The figures are either personifications of vices or virtues, or in the case of the king and victim, of the roles of the powerful and the powerless. From left to right, they represent (with alternative names): Truth, nude and pointing upwards to Heaven; Repentance in black; Perfidy (Conspiracy) in red and yellow, over the innocent half-naked victim on the floor, who is being pulled forward by the hair by Calumny (Slander), in white and blue and holding a flaming torch. Fraud, behind, arranges Calumny's hair. Rancour (Envy), a bearded and hooded man in black, holds his hand towards the king's eyes to obscure their view. On the throne, the king has the donkey's ears of King Midas, and Ignorance on his far side and Suspicion on the near side grasp these as they speak into them. The king extends his hand towards Calumny, but his eyes look down so that he cannot see the scene.

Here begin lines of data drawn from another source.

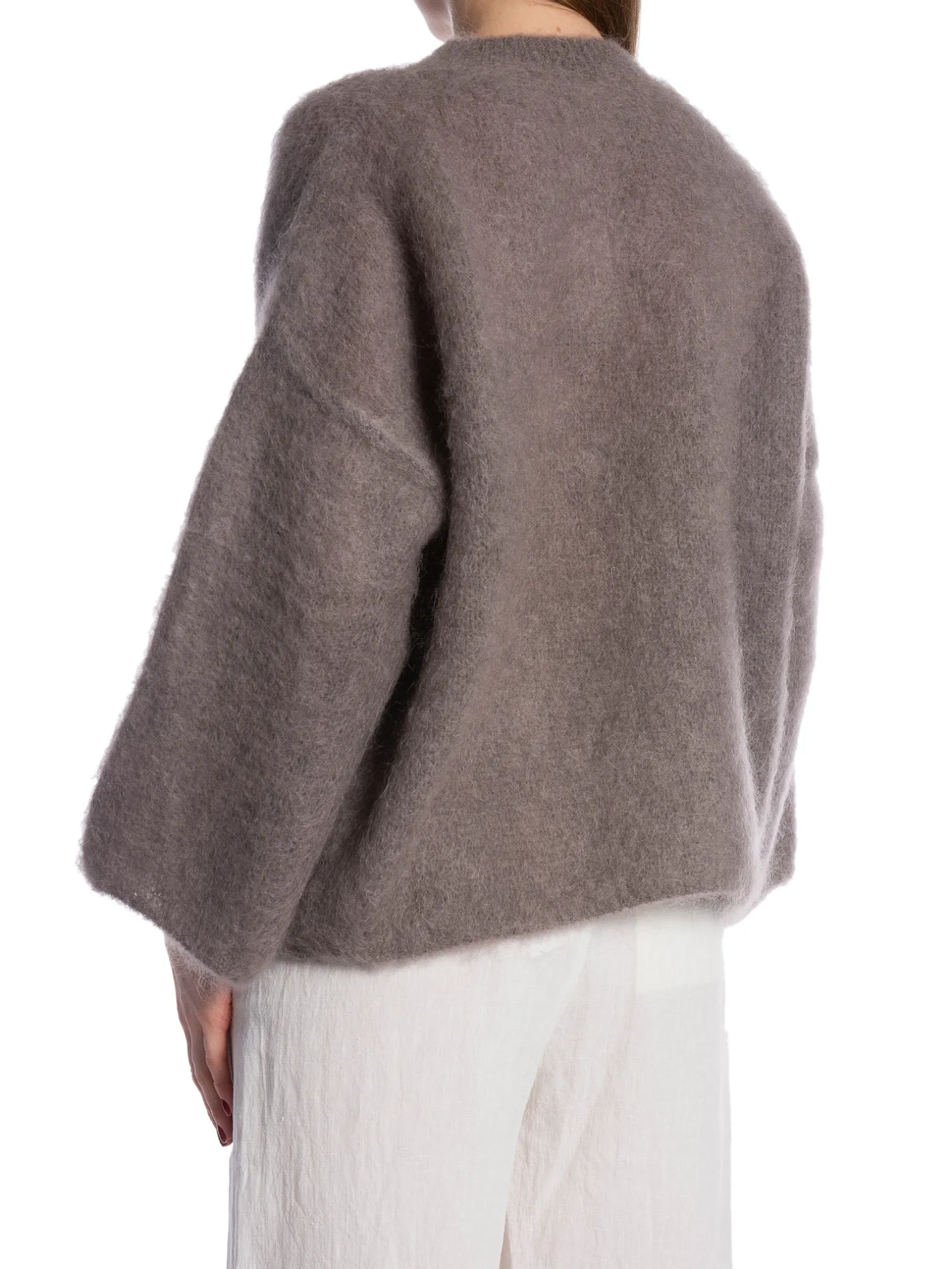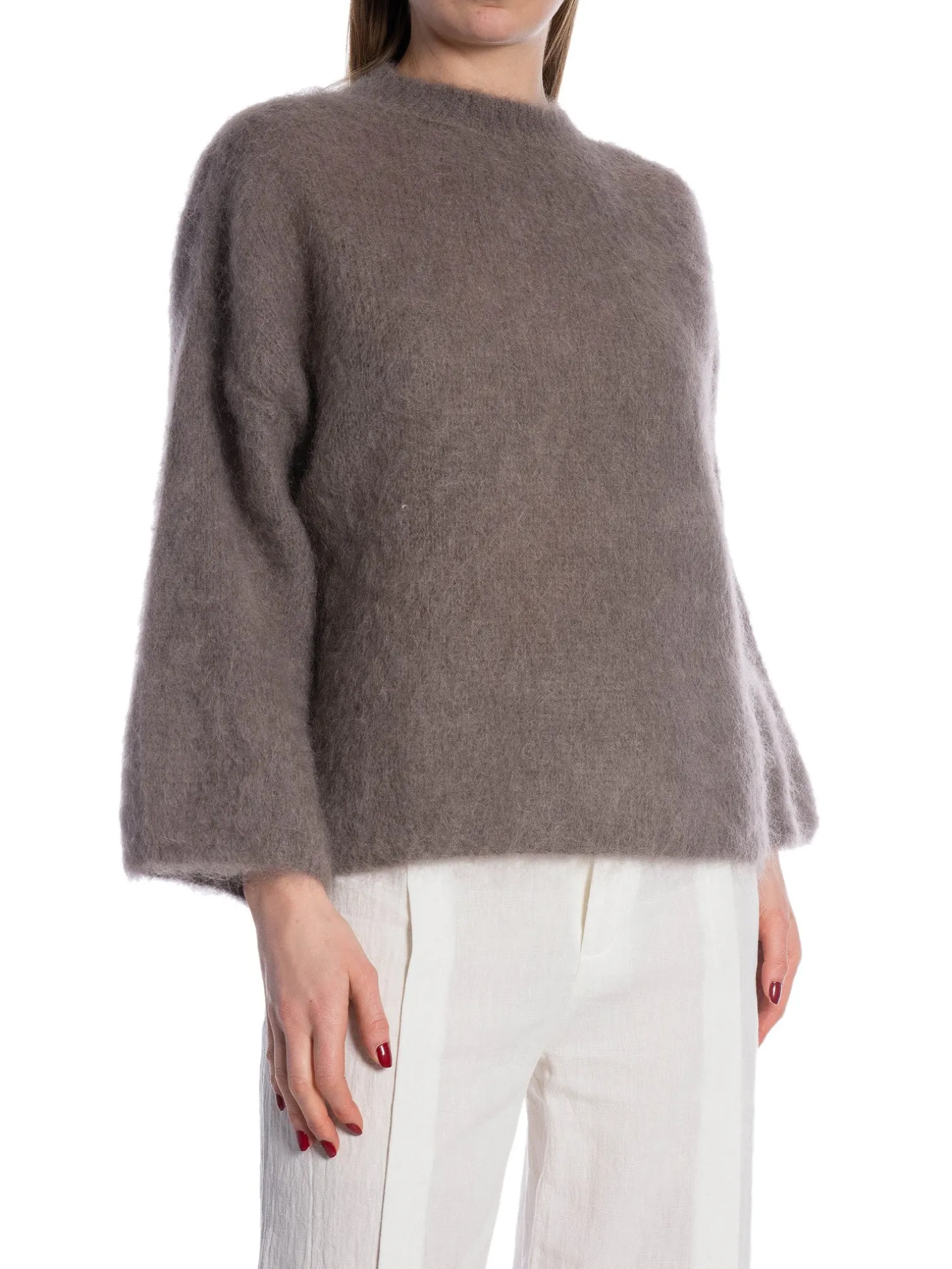 Mohair Manche 3/4 Sweater. A wide, knitted sweater in a loose fit and slightly shorter sleeves in a mohair blend. Style with a pair of leather pants for a modern look!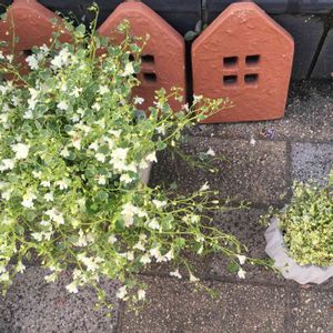 これもグレコマバリエガータと同じように家周りの隙間に植えたくて買ってきた子たち。 GSで教えてもらってめっちゃときめいたシンバラリア。 その時分けて頂いた子もいるのですが、新たに1ポット購入。 同じくシンバラリア アエクイトリロバ(左下)と、シンバラリア スノーリップル(上)。 なのですが、スノーリップルちゃんは少し弱ってます(;A;) なんとか元気になっておくれ( ´⚰︎` )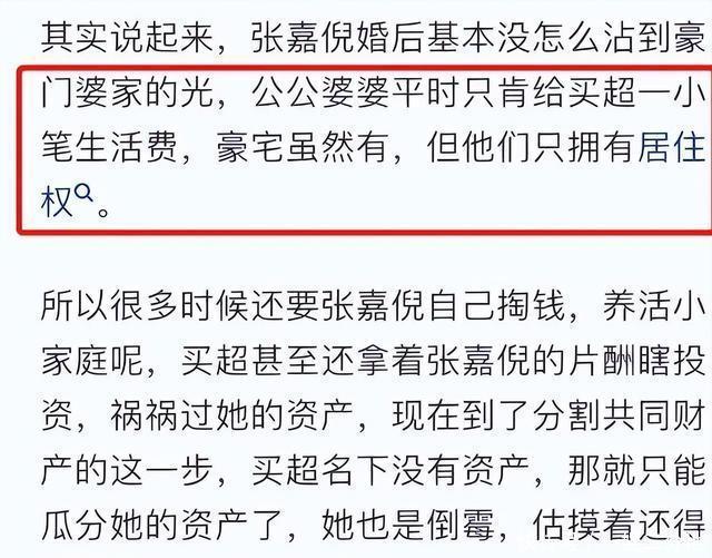 他们刚结婚的时候,家里就已经不让买超插手任何生意,而且他也没有任何什么固定的收入,只有家里给他的部分生活费。 他们这样做,就是不想让买超在婚后赚钱变成夫妻资产,免得到时候离婚,张嘉倪会分到他们家族的钱。

These identifications are clear from Lucian's description of a painting by Apelles, a Greek painter of the Hellenistic Period. Though Apelles' works have not survived, Lucian recorded details of one in his On Calumny:
On the right of it sits Midas with very large ears, extending his hand to Slander while she is still at some distance from him. Near him, on one side, stand two women—Ignorance and Suspicion. On the other side, Slander is coming up, a woman beautiful beyond measure, but full of malignant passion and excitement, evincing as she does fury and wrath by carrying in her left hand a blazing torch and with the other dragging by the hair a young man who stretches out his hands to heaven and calls the gods to witness his innocence. She is conducted by a pale ugly man who has a piercing eye and looks as if he had wasted away in long illness; he represents envy. There are two women in attendance to Slander, one is Fraud and the other Conspiracy. They are followed by a woman dressed in deep mourning, with black clothes all in tatters—she is Repentance. At all events, she is turning back with tears in her eyes and casting a stealthy glance, full of shame, at Truth, who is slowly approaching.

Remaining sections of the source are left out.